(Data entries)

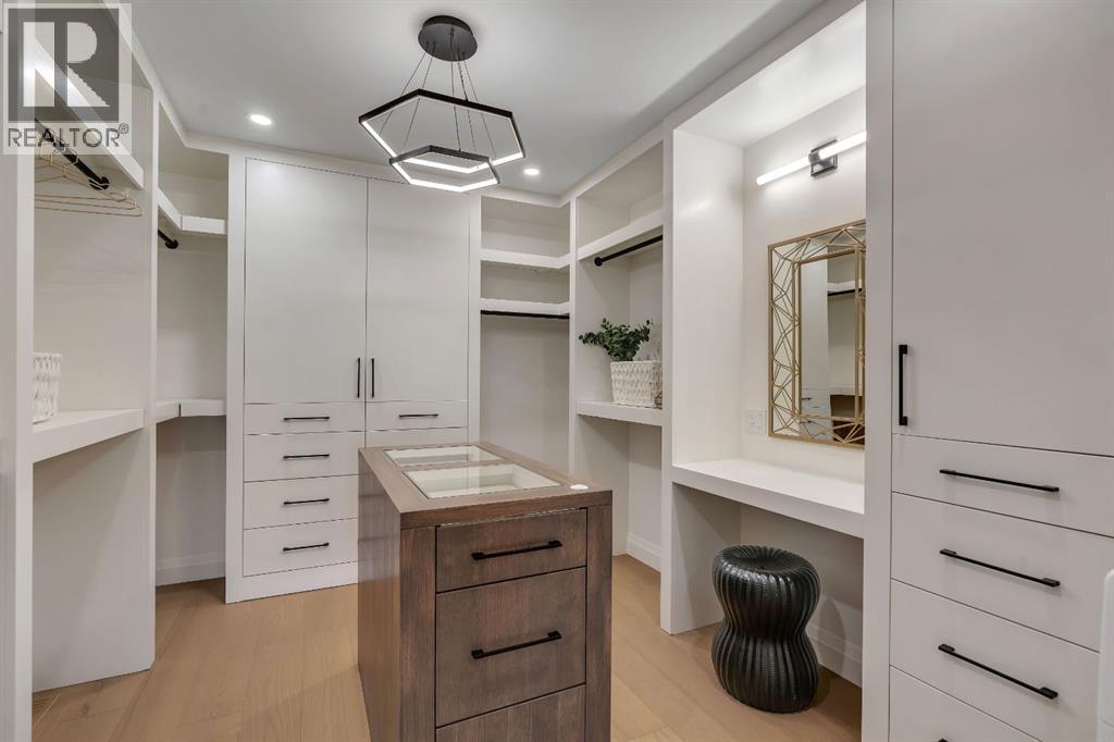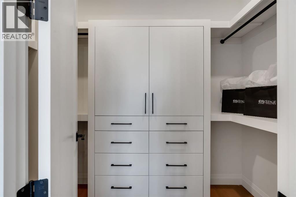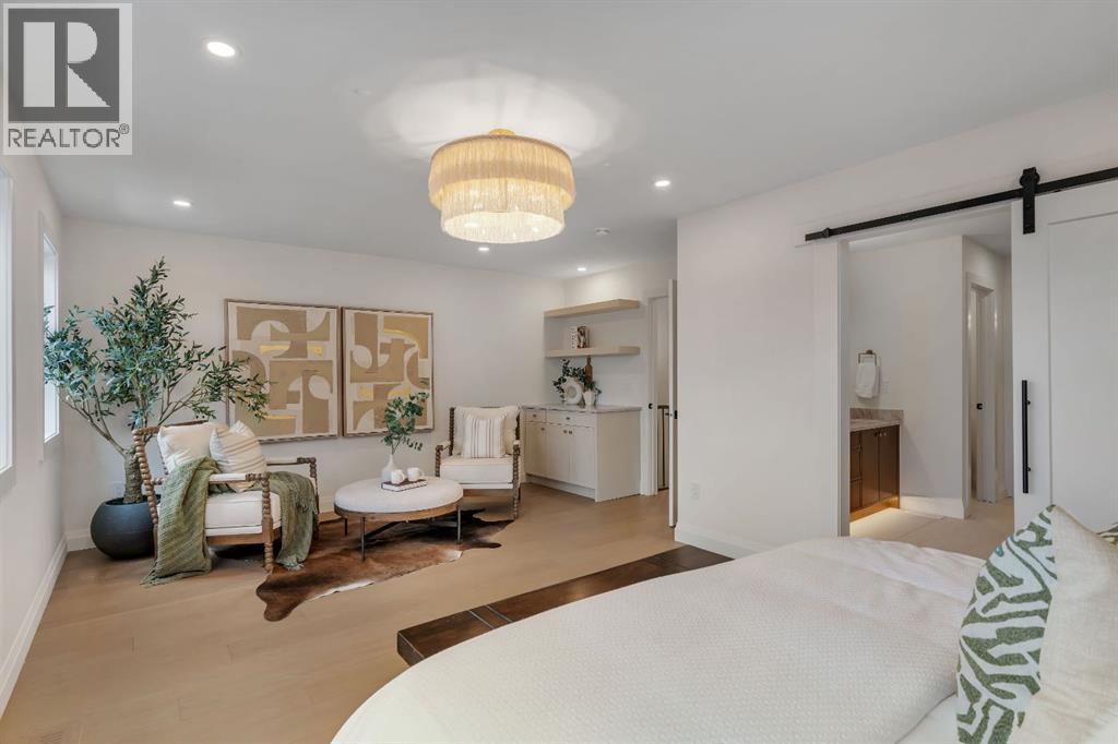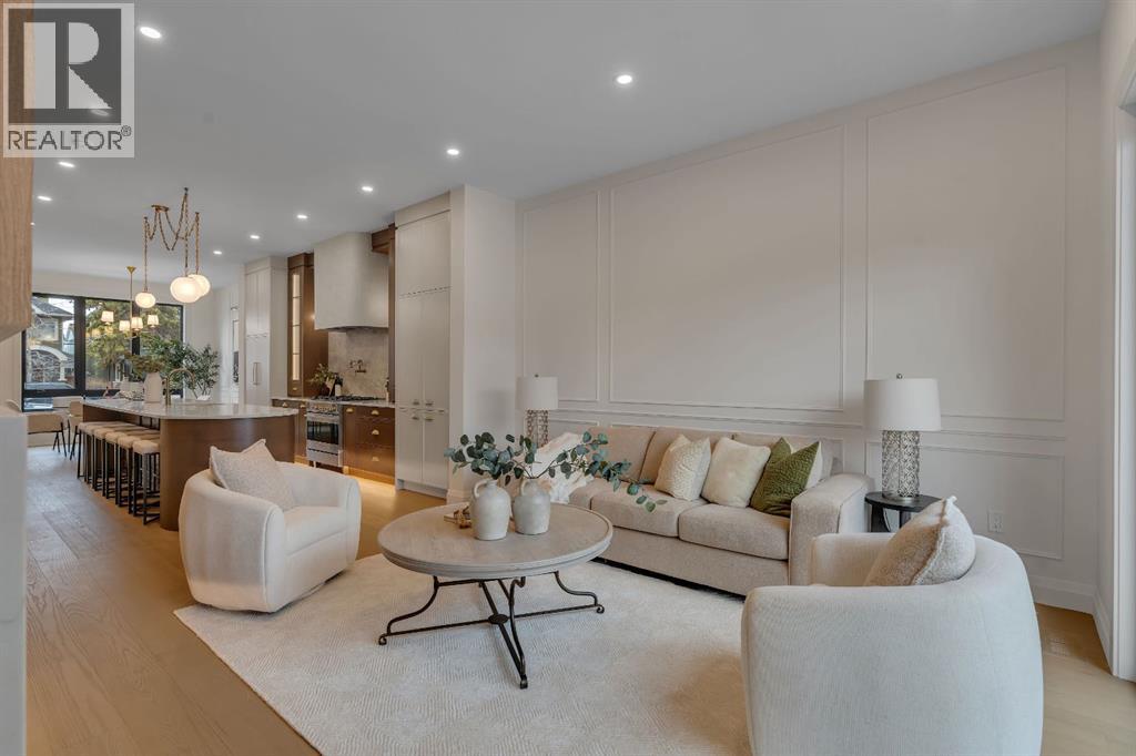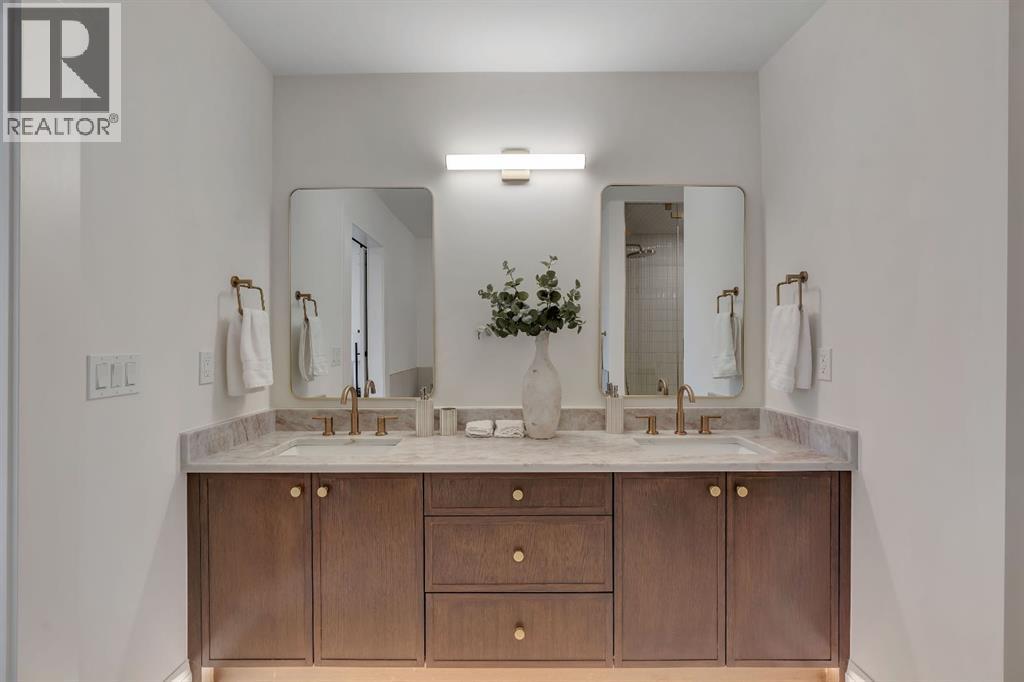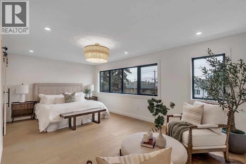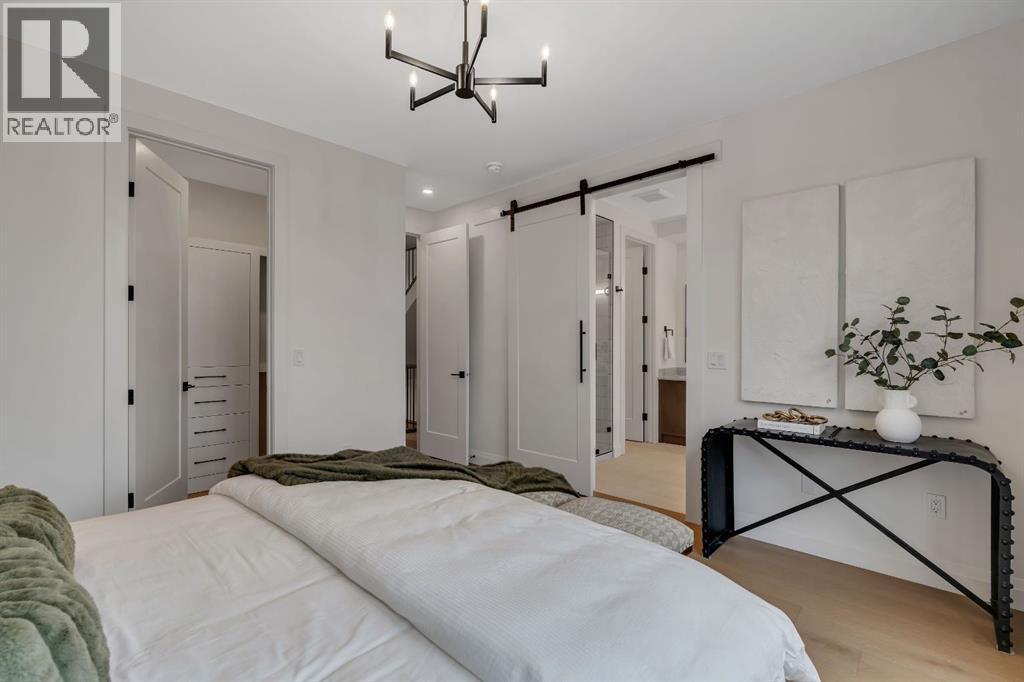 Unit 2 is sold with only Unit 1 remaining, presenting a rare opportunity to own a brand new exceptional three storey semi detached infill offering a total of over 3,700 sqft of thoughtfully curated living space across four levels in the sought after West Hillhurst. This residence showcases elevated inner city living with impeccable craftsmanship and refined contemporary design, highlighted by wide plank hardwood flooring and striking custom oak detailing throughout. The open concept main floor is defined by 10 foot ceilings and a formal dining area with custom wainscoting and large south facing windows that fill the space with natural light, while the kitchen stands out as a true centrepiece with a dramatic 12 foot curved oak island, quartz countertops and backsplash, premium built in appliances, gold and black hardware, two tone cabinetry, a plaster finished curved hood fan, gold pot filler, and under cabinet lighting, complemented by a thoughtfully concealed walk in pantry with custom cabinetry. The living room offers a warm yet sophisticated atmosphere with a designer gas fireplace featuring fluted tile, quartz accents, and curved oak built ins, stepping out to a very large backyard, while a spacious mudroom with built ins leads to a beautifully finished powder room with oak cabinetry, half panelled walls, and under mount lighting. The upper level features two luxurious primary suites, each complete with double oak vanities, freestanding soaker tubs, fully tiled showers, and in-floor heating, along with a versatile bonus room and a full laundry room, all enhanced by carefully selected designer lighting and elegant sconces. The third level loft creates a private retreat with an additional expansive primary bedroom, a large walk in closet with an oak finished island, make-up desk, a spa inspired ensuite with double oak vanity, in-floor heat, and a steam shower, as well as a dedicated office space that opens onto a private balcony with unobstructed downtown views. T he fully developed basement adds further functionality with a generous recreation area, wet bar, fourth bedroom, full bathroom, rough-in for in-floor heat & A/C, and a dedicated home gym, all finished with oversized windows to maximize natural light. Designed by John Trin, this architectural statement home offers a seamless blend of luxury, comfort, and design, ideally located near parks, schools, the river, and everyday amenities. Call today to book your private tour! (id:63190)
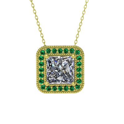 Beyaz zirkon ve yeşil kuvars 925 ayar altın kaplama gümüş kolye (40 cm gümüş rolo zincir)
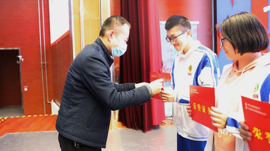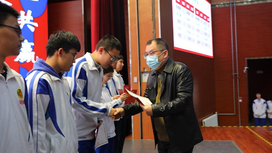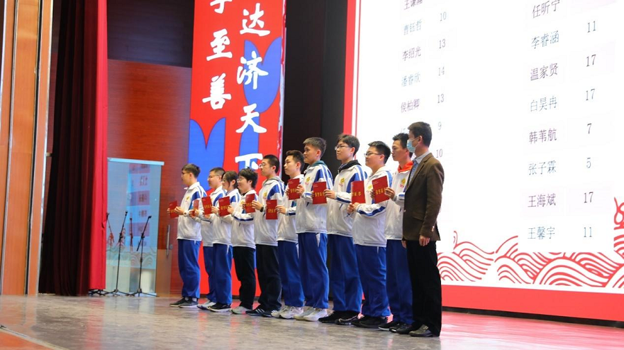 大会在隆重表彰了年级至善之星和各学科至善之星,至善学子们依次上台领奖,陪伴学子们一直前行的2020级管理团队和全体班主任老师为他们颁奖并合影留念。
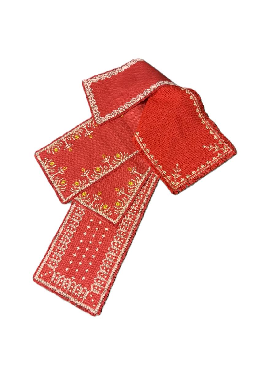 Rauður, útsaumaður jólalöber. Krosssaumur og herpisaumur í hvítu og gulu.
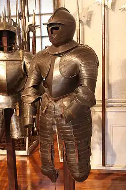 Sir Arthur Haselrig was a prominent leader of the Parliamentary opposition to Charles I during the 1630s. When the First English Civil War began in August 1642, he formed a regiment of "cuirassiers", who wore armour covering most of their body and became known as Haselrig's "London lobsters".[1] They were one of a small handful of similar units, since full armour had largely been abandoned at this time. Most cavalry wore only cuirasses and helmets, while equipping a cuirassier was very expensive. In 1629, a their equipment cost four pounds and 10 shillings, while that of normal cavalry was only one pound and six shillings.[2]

◆ Exercise:
Write out the records exactly. Do not carry the pictures over.

◆ Response to the task:
 Unit 2 is sold with only Unit 1 remaining, presenting a rare opportunity to own a brand new exceptional three storey semi detached infill offering a total of over 3,700 sqft of thoughtfully curated living space across four levels in the sought after West Hillhurst. This residence showcases elevated inner city living with impeccable craftsmanship and refined contemporary design, highlighted by wide plank hardwood flooring and striking custom oak detailing throughout. The open concept main floor is defined by 10 foot ceilings and a formal dining area with custom wainscoting and large south facing windows that fill the space with natural light, while the kitchen stands out as a true centrepiece with a dramatic 12 foot curved oak island, quartz countertops and backsplash, premium built in appliances, gold and black hardware, two tone cabinetry, a plaster finished curved hood fan, gold pot filler, and under cabinet lighting, complemented by a thoughtfully concealed walk in pantry with custom cabinetry. The living room offers a warm yet sophisticated atmosphere with a designer gas fireplace featuring fluted tile, quartz accents, and curved oak built ins, stepping out to a very large backyard, while a spacious mudroom with built ins leads to a beautifully finished powder room with oak cabinetry, half panelled walls, and under mount lighting. The upper level features two luxurious primary suites, each complete with double oak vanities, freestanding soaker tubs, fully tiled showers, and in-floor heating, along with a versatile bonus room and a full laundry room, all enhanced by carefully selected designer lighting and elegant sconces. The third level loft creates a private retreat with an additional expansive primary bedroom, a large walk in closet with an oak finished island, make-up desk, a spa inspired ensuite with double oak vanity, in-floor heat, and a steam shower, as well as a dedicated office space that opens onto a private balcony with unobstructed downtown views. T he fully developed basement adds further functionality with a generous recreation area, wet bar, fourth bedroom, full bathroom, rough-in for in-floor heat & A/C, and a dedicated home gym, all finished with oversized windows to maximize natural light. Designed by John Trin, this architectural statement home offers a seamless blend of luxury, comfort, and design, ideally located near parks, schools, the river, and everyday amenities. Call today to book your private tour! (id:63190)
 Beyaz zirkon ve yeşil kuvars 925 ayar altın kaplama gümüş kolye (40 cm gümüş rolo zincir)
 大会在隆重表彰了年级至善之星和各学科至善之星,至善学子们依次上台领奖,陪伴学子们一直前行的2020级管理团队和全体班主任老师为他们颁奖并合影留念。
 Rauður, útsaumaður jólalöber. Krosssaumur og herpisaumur í hvítu og gulu.
 Sir Arthur Haselrig was a prominent leader of the Parliamentary opposition to Charles I during the 1630s. When the First English Civil War began in August 1642, he formed a regiment of "cuirassiers", who wore armour covering most of their body and became known as Haselrig's "London lobsters".[1] They were one of a small handful of similar units, since full armour had largely been abandoned at this time. Most cavalry wore only cuirasses and helmets, while equipping a cuirassier was very expensive. In 1629, a their equipment cost four pounds and 10 shillings, while that of normal cavalry was only one pound and six shillings.[2]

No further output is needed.